Kotake Toshihisa, Tsuchiya Koji, Aohara Tsutomu, Konishi Tomoyuki, Kaneko Satoshi, Igarashi Kiyohiko, Samejima Masahiro, Tsumuraya Yoichi
Department of Biochemistry and Molecular Biology, Faculty of Science, Saitama University, 255 Shimo-okubo, Sakura-ku, Saitama 338-8570, Japan.
J Exp Bot. 2006;57(10):2353-62. doi: 10.1093/jxb/erj206.

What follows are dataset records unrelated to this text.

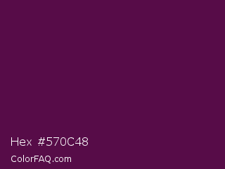 Hex #570c48 Color is a very dark magenta color and the nearest color is Loulou #460b41. Hex code #570c48 and RGB value is rgb(87,12,72). In RGB color space, this color is composed of 34% red, 5% green, 28% blue, In CMYK color space, this color is composed of 0% cyan, 86% magenta, 17% yellow , 66% black , In HSL color space, this color has a hue angle of 312° , 76% saturation and 19% lightness.
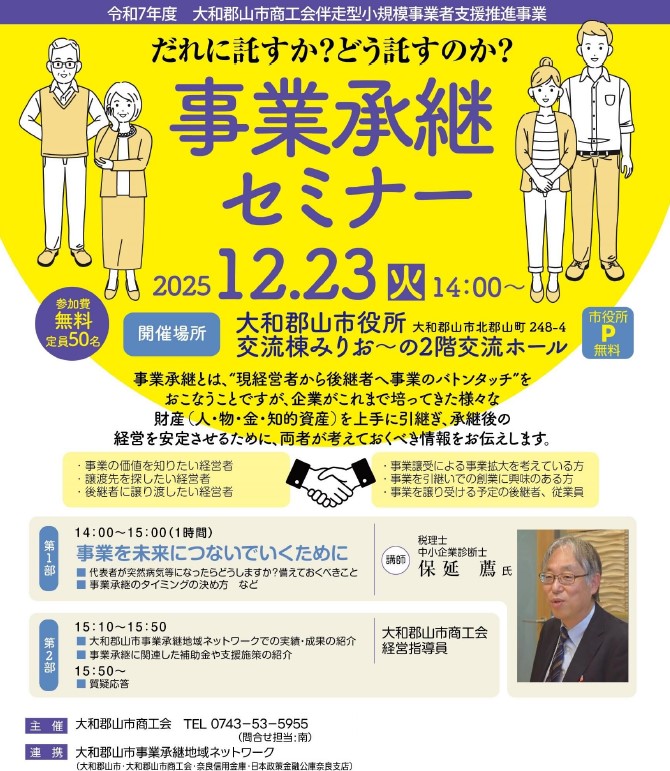 全国で喫緊の課題になっている中小企業・小規模事業者のみなさんの円滑な事業継承を促進するため、令和5年8月28日より四者(大和郡山市商工会、奈良信用金庫、日本政策金融公庫奈良支店、大和郡山市)が業務連携することで「大和郡山市事業承継地域ネットワーク」の事務局が開設されました。
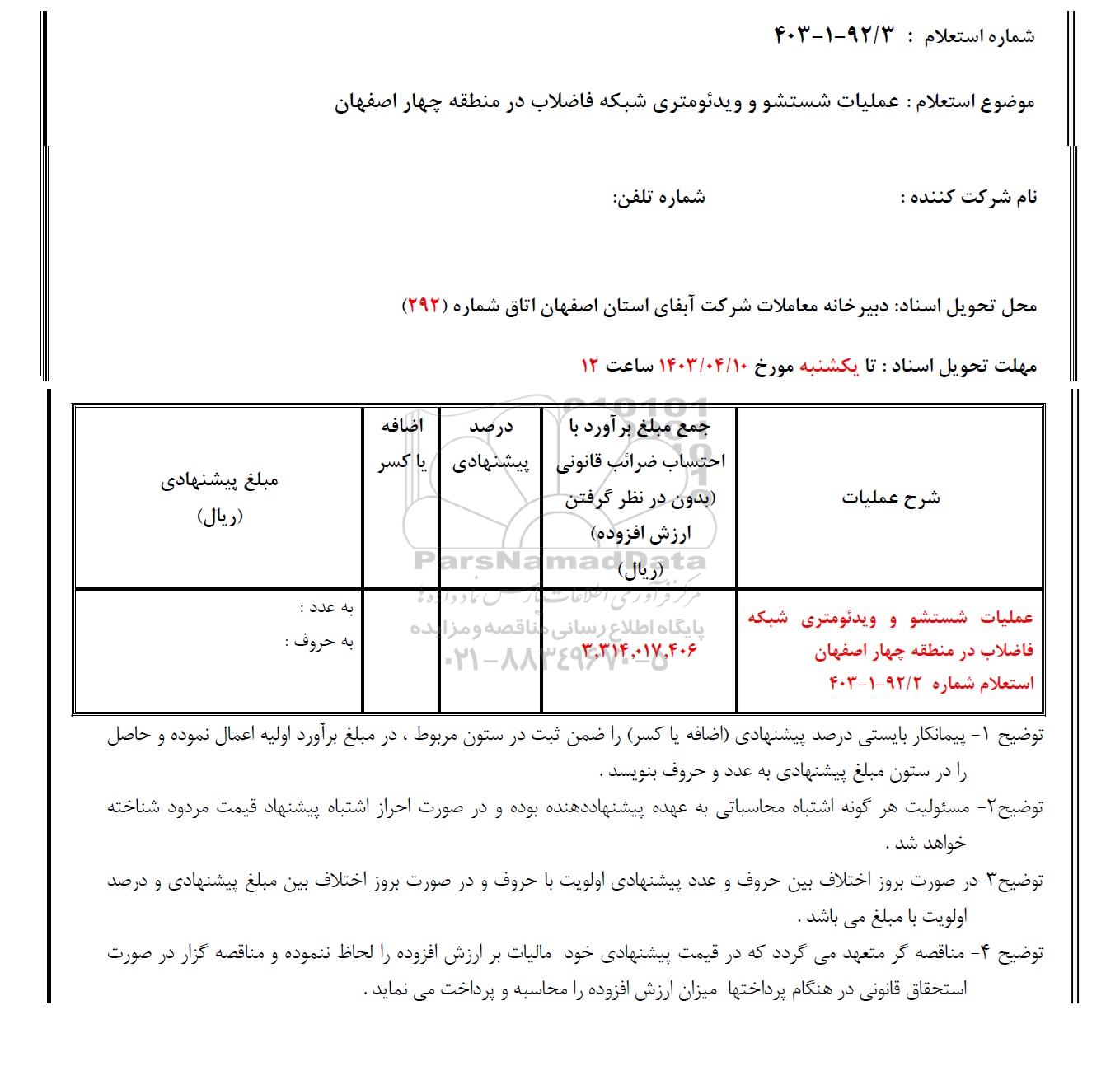 موضوع استعلام: عملیات شستشو و ویدئومتری شبکه فاضلاب در منطقه چهار اصفهان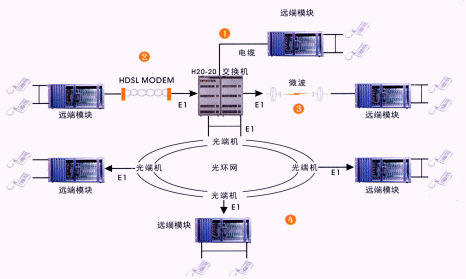 遠端模塊通過標準2M(E1)接口與交換機連接。該接口不受傳輸距離和傳輸設備的限制。常用的傳輸設備有SDH、PDH光端機(光纜),數(shù)字微波、數(shù)字擴頻,HDSL調制解調器(雙絞線)等。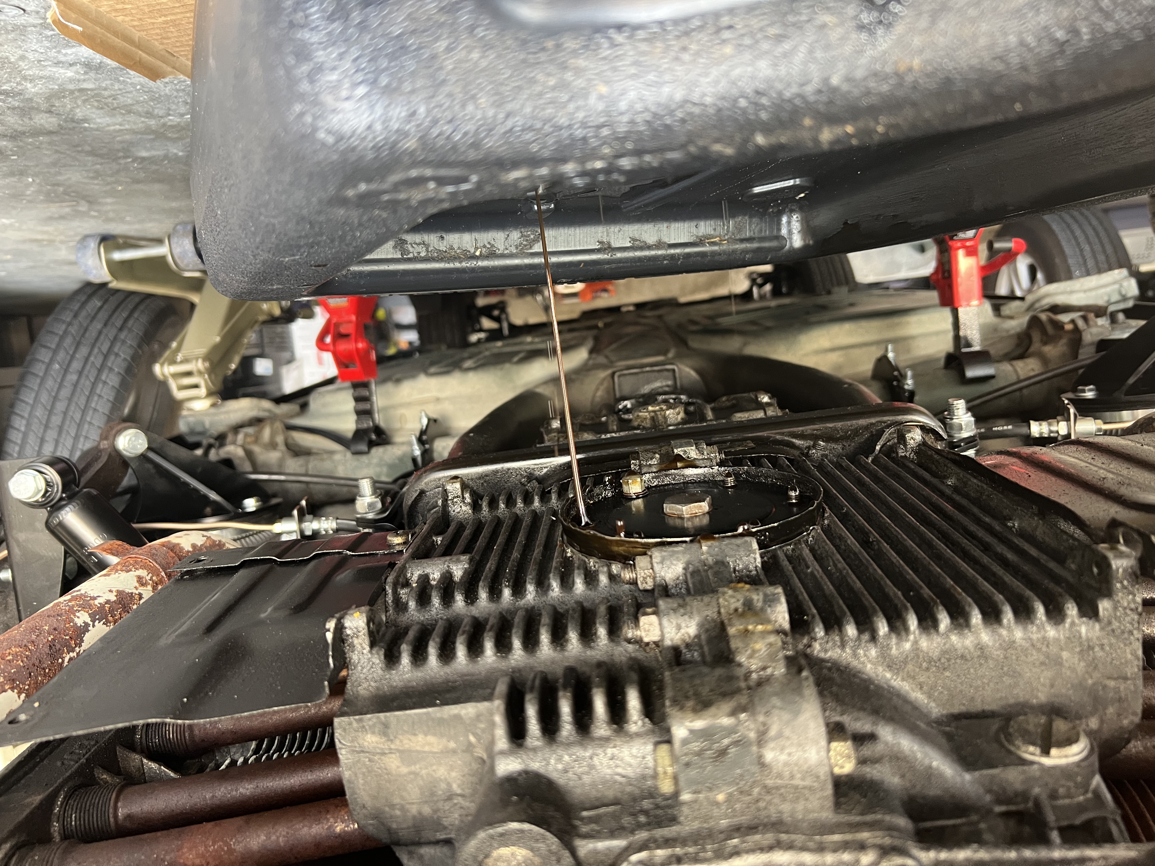 Oil change on these cars is pretty simple. Start by loosening the nuts on the oil pan and letting the oil drain. Once it’s come to a light drip, remove the nuts and carefully remove the plate, gaskets, and filter. The Mexican beetles use an additional oil filter but still have the standard oil filter original beetles came with. Replace both filters and gaskets and tighten the nuts back up, they need to be torqued to 5 foot pounds.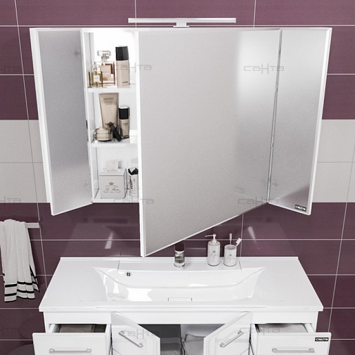 Описание: влагостойкое зеркальное полотно с фацетом, три распашных дверцы, вкладные полки. Фасад покрыт пленкой.

The carbohydrate moieties of arabinogalactan proteins (AGPs) are essential for their physiological functions and undergo rapid turnover in vivo. Degradation of the carbohydrate moieties of AGPs seems to occur by concerted action of several glycosidases, among them alpha-L-arabinofuranosidase, beta-D-galactosidase, and beta-D-glucuronidase. Here, a bifunctional alpha-L-arabinofuranosidase/beta-D-xylosidase from immature seeds of radish (Raphanus sativus L.), which hydrolyses alpha-L-arabinofuranosyl residues of the carbohydrate moieties of AGPs, has been cloned by reverse transcriptase-PCR. The gene, designated RsAraf1, contained an open reading frame of 2343 bp (780 amino acids), including a putative signal sequence (33 amino acids) at the N-terminus. RsAraf1 is highly similar to barley alpha-L-arabinofuranosidase/beta-D-xylosidases and belongs to family 3 of the glycosyl hydrolases based on sequence homology. Southern blot analysis revealed that several related genes exist in the radish genome. RsAraf1 is expressed throughout seed development and weakly expressed in young seedlings. It was found that alpha-L-arabinofuranosidase activity in a cell-wall protein fraction prepared from transgenic Arabidopsis plants with enhanced expression of RsAraf1 was significantly higher than that in a wild-type protein fraction; the crude enzyme preparation released L-arabinose from radish AGPs as well as alpha-(1-->5)-arabinan and arabinoxylan. Accordingly, the amount of L-arabinosyl residues in the cell walls of transgenic plants was significantly decreased. These results indicate that RsAraf1 encodes a bifunctional alpha-L-arabinofuranosidase/beta-D-xylosidase and suggest that RsAraf1 is involved in the hydrolysis of the carbohydrate moieties of AGPs in immature radish seeds.
阿拉伯半乳聚糖蛋白(AGPs)的碳水化合物部分对其生理功能至关重要,且在体内会快速周转。AGPs碳水化合物部分的降解似乎是由几种糖苷酶协同作用发生的,其中包括α-L-阿拉伯呋喃糖苷酶、β-D-半乳糖苷酶和β-D-葡萄糖醛酸苷酶。在此,通过逆转录酶PCR从萝卜(Raphanus sativus L.)未成熟种子中克隆出一种双功能α-L-阿拉伯呋喃糖苷酶/β-D-木糖苷酶,该酶可水解AGPs碳水化合物部分的α-L-阿拉伯呋喃糖基残基。该基因命名为RsAraf1,包含一个2343 bp的开放阅读框(780个氨基酸),在N端包括一个推定的信号序列(33个氨基酸)。RsAraf1与大麦α-L-阿拉伯呋喃糖苷酶/β-D-木糖苷酶高度相似,基于序列同源性属于糖苷水解酶家族3。Southern杂交分析表明萝卜基因组中存在几个相关基因。RsAraf1在种子发育过程中均有表达,在幼苗中表达较弱。研究发现,在RsAraf1表达增强的转基因拟南芥植物制备的细胞壁蛋白组分中,α-L-阿拉伯呋喃糖苷酶活性显著高于野生型蛋白组分;粗酶制剂可从萝卜AGPs以及α-(1→5)-阿拉伯聚糖和阿拉伯木聚糖中释放出L-阿拉伯糖。因此,转基因植物细胞壁中L-阿拉伯糖基残基的量显著减少。这些结果表明RsAraf1编码一种双功能α-L-阿拉伯呋喃糖苷酶/β-D-木糖苷酶,并表明RsAraf1参与未成熟萝卜种子中AGPs碳水化合物部分的水解。